- **INFORMATION SHOWN**
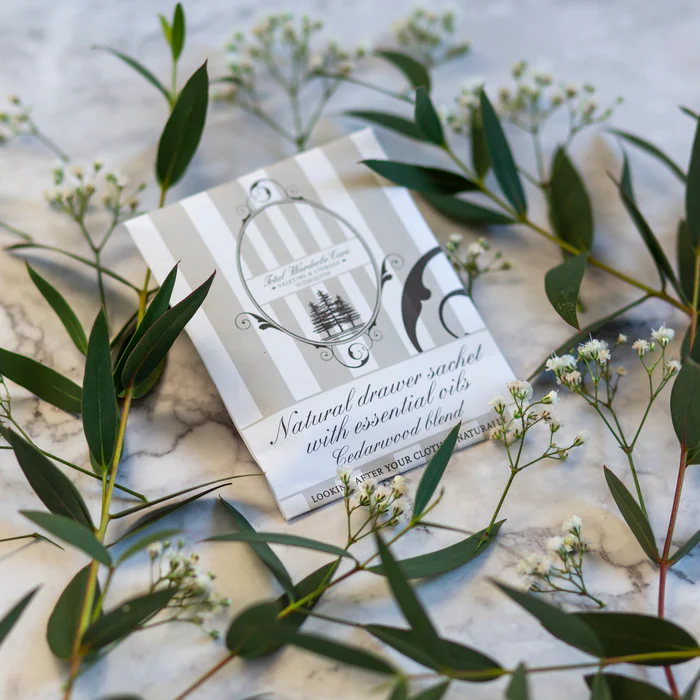 This moth-repelling Cedarwood Drawer Sachet is specially crafted for Total Wardrobe Care, blending natural ingredients like Cedarwood, Lemongrass, May Chang, Fir, Thyme, Rosemary, and Clove Bud. Each ingredient is carefully selected for its unique properties, helping to keep your wardrobes and soft furnishings fresh and moth-free.
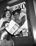 Miss Margaret Preston of Cleburne, queen of the 1953 Moslah Temple Shrine Circus, looks over travel folders for Mexico City and a week's vacation as guest of Moslah Temple. Published in Fort Worth Star-Telegram evening edition February 20, 1954.
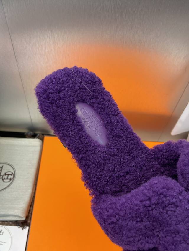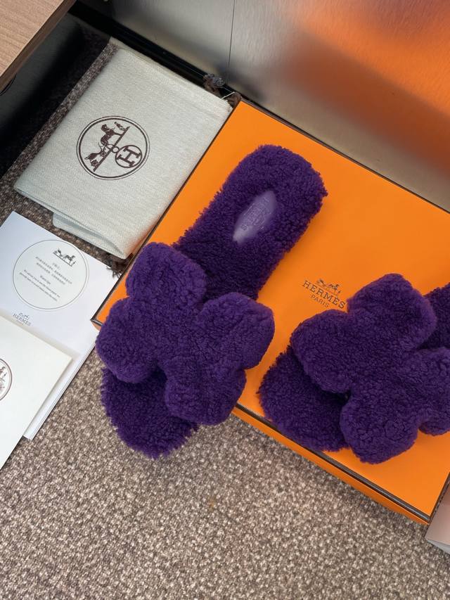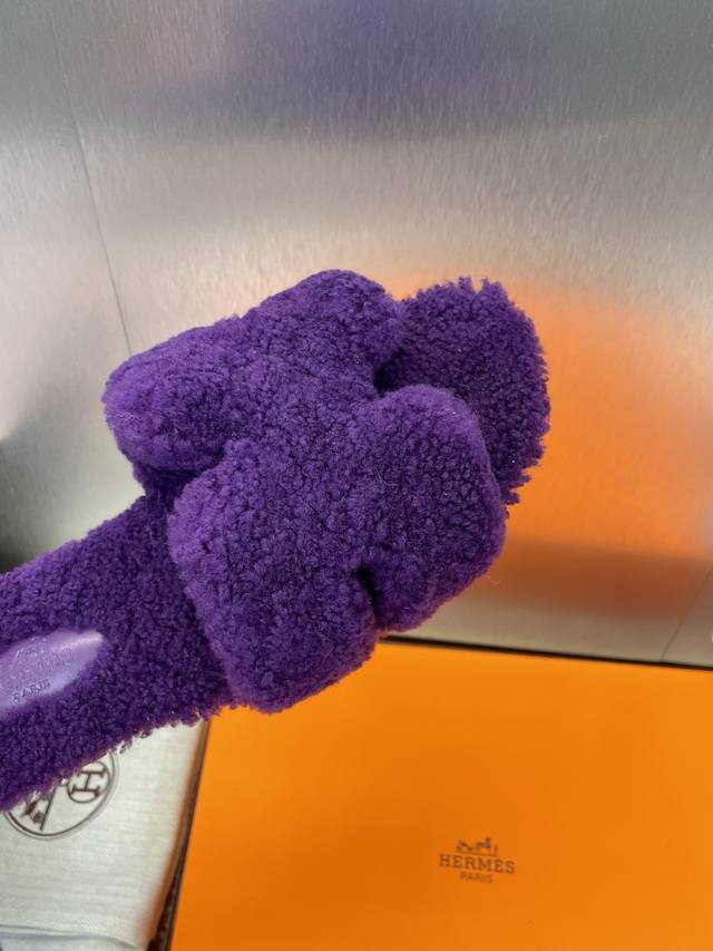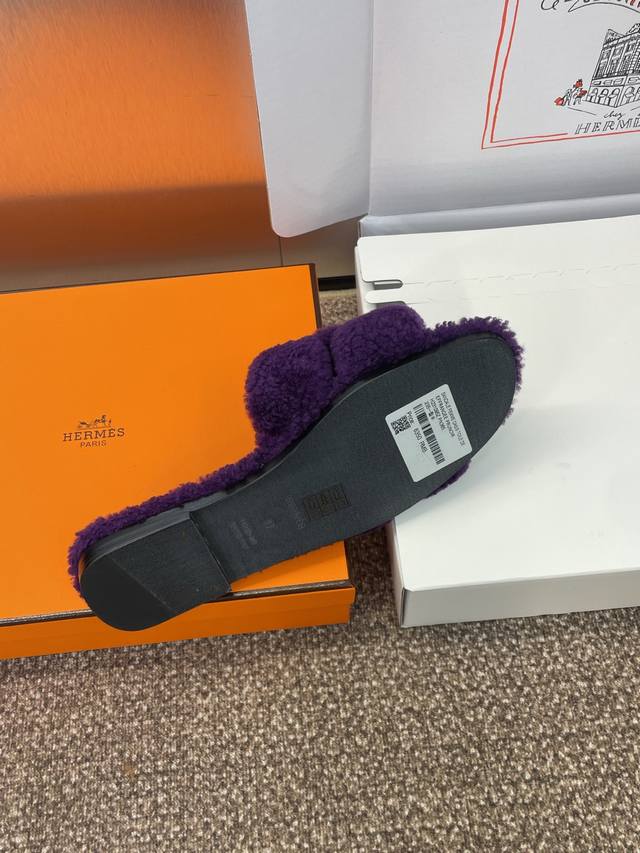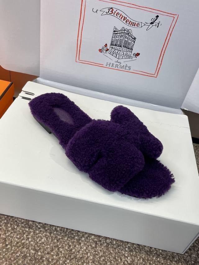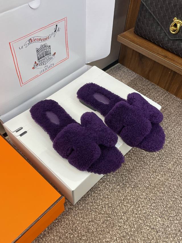 工厂p价p 莞货 代购级 爱马仕 Hermes 秋冬经典款 Oran 糖果色工字拖女鞋 H家经典平底圆头露趾羊羔毛拖鞋 材质:鞋面100%进口羊羔毛+意大利真皮

- **EXERCISE DETAILS**
Without including a single picture, restate all of the data word for word.

- **ANSWER SPACE**
 This moth-repelling Cedarwood Drawer Sachet is specially crafted for Total Wardrobe Care, blending natural ingredients like Cedarwood, Lemongrass, May Chang, Fir, Thyme, Rosemary, and Clove Bud. Each ingredient is carefully selected for its unique properties, helping to keep your wardrobes and soft furnishings fresh and moth-free.
 Miss Margaret Preston of Cleburne, queen of the 1953 Moslah Temple Shrine Circus, looks over travel folders for Mexico City and a week's vacation as guest of Moslah Temple. Published in Fort Worth Star-Telegram evening edition February 20, 1954.
 工厂p价p 莞货 代购级 爱马仕 Hermes 秋冬经典款 Oran 糖果色工字拖女鞋 H家经典平底圆头露趾羊羔毛拖鞋 材质:鞋面100%进口羊羔毛+意大利真皮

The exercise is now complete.